OB centers are much more competitive for your business than they were just a decade ago. We toured the providers and compared their facilities. Price was a major factor, though the hospitals were less willingly to negotiate prepaid prices.
Finally our big day arrived! Or rather my wife couldn't bear the thought of carrying into her 42nd week and agreed to inducement. To save money my wife graciously agreed to not have an epidural. The delivery went well (as well as a painful delivery can go anyway) until the placenta wouldn't deliver. After my wife's vitals tanked due to internal bleeding, she was rushed into surgery to remove the placenta. She received two pints of blood and an extra night in the hospital. I knew this would not be included in our agreed cost so I went down to the business office an hour before we were discharged. I asked for an offer to settle the entire bill before we left. The hospital quoted me an additional $750 for all of the extra treatments! The hospital bill revealed charges of over $52,000 and they settled for $5,750, or $.11 on the dollar. Amazing.
In these weeks since our baby joined us, we have had many happy moments. Checking my mailbox is not one of them. Whenever we get a doctor bill I immediately call them and ask for a cash payoff amount. Sometimes I press my luck and say I only have half the offered amount and see if they will counter their own offer. Occasionally someone says there is no discount - in which case I make it clear to them they are only going to get $20 per month unless they settle.
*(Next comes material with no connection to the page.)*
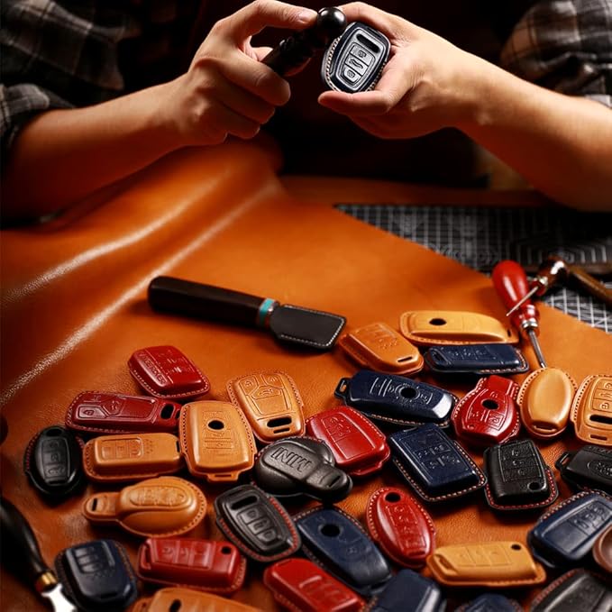 丈夫な牛革を採用するので、落下中の衝撃や傷からスマートキーを保護します。ご愛車のスマートキーを編み込みレザー仕様で手作りの高級感があります。

It does not matter what side of the fence you are on about Obamacare. One thing is apparent from my situation: both sides missed the boat on real health care reform. How do we charge insurance companies $40,000, offer the uninsured 64% off that price, and settle the pre-payers for 11% of the total bill? Maybe if they forced medical providers to offer one price to everybody, good ol' capitalism will work out the balance between charging less to the insurance companies (thus making premiums affordable), indigent care, and self-pay folks.
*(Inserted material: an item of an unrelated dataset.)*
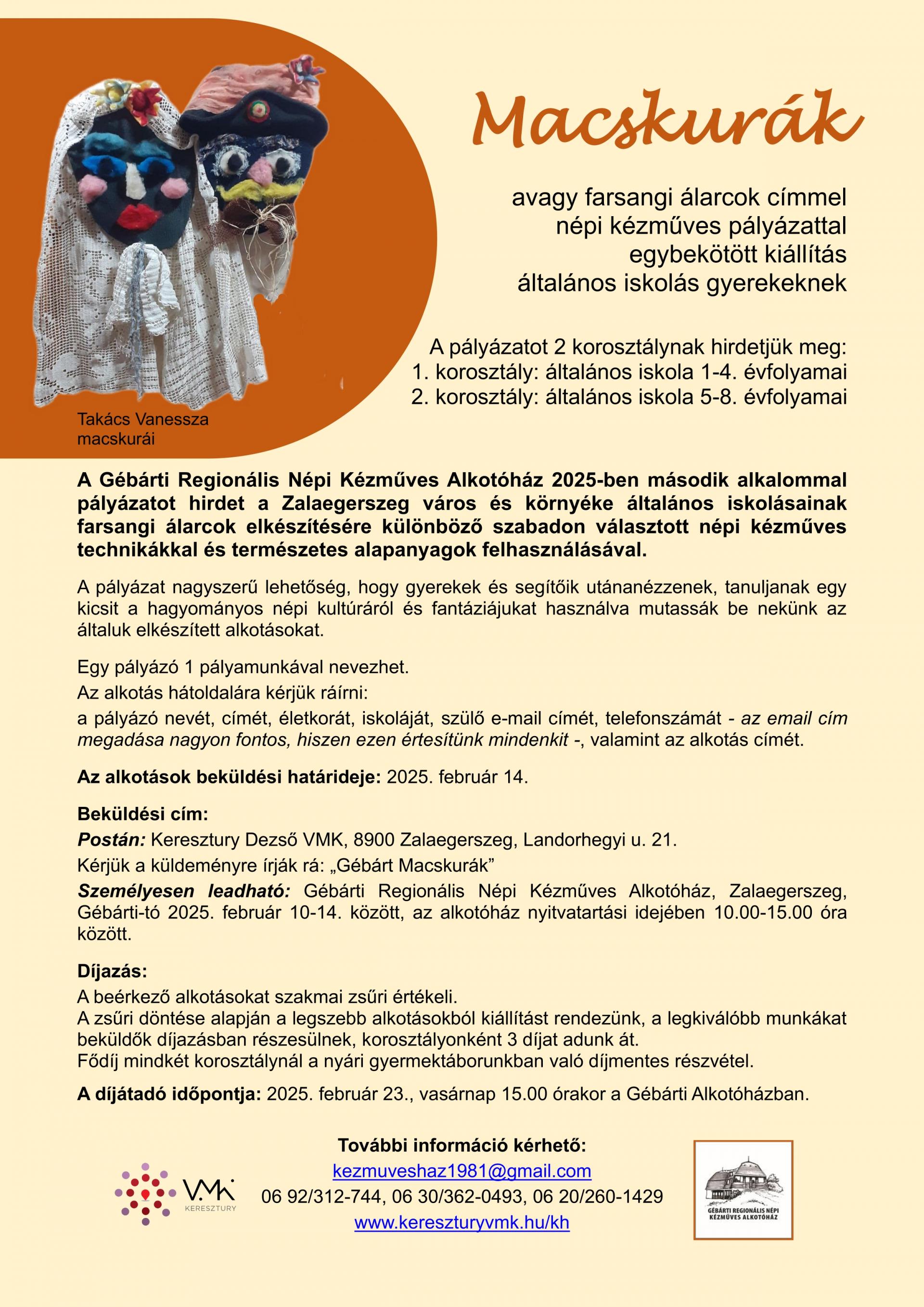 A Gébárti Regionális Népi Kézműves Alkotóház 2025-ben második alkalommal pályázatot hirdet a Zalaegerszeg város és környéke általános iskolásainak farsangi álarcok elkészítésére különböző szabadon választott népi kézműves technikákkal és természetes alapanyagok felhasználásával.

This experience has proved valuable to my wife and I; and we are actually glad we did not take any public assistance. Once the bills stop coming I estimate the entire pregnancy and delivery will have cost about $10,000. I am grateful God allowed few life emergencies so that we could build up our savings. We now have firsthand experience with just how jacked up the entire medical billing establishment runs itself.
I am fully aware my situation could have turned out much worse. My wife could have had any number of additional complications and spent weeks in the hospital. My child could have had complications, needed surgery, specialized care, or transferred to a children's hospital. Virtually anything could have gone wrong. There are obvious risks with not having insurance, and I would not recommend going without it. But if you find yourself in this situation with no outside help, hopefully this can serve as a guide.
I fimly believe healhcare reform is needed, but I don't think Obamacare addresses what really needs to be changed in the system - charges that have no relation to cost and mal-practice reform.